Editing code is where I focus on it, but I'm also reading docs, running tests,...

karl11 · 3h ago

There is an important concept alluded to here around skin in the game: "the AI is not going to assume any liability if this code ever malfunctions" -- it is one of the issues I see w/ self-driving cars, planes, etc. If it malfunctions, there is no consequence for the 'AI' (no skin in the game) but there are definitely consequences for any humans involved.

handfuloflight · 4h ago

Will we be having these conversations for the next decade?

wiseowise · 1h ago

It’s the new “I use Vim/Emacs/Ed over IDE”.

ken47 · 4h ago

Longer.

adventured · 4h ago

The conversations will climb the ladder and narrow.

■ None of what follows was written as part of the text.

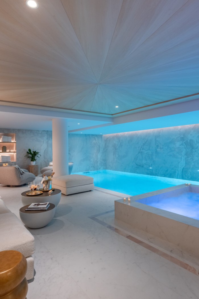 Spread over five floors, the chalet has a traditional exterior with a state-of-the-art interior, boasting luxurious and modern facilities. The numerous balconies offer some of the best views over the valley and the snow-covered mountains.

Eventually: well, but, the AI coding agent isn't better than a top 10%/5%/1% software developer.

And it'll be that the coding agents can't do narrow X thing better than a top tier specialist at that thing.

The skeptics will forever move the goal posts.

jdbernard · 4h ago

If the AI actually outperforms humans in the full context of the work, then no, we won't. It will be so much cheaper and faster that businesses won't have to argue at all. Those that adopt them will massively outcompetes those that don't.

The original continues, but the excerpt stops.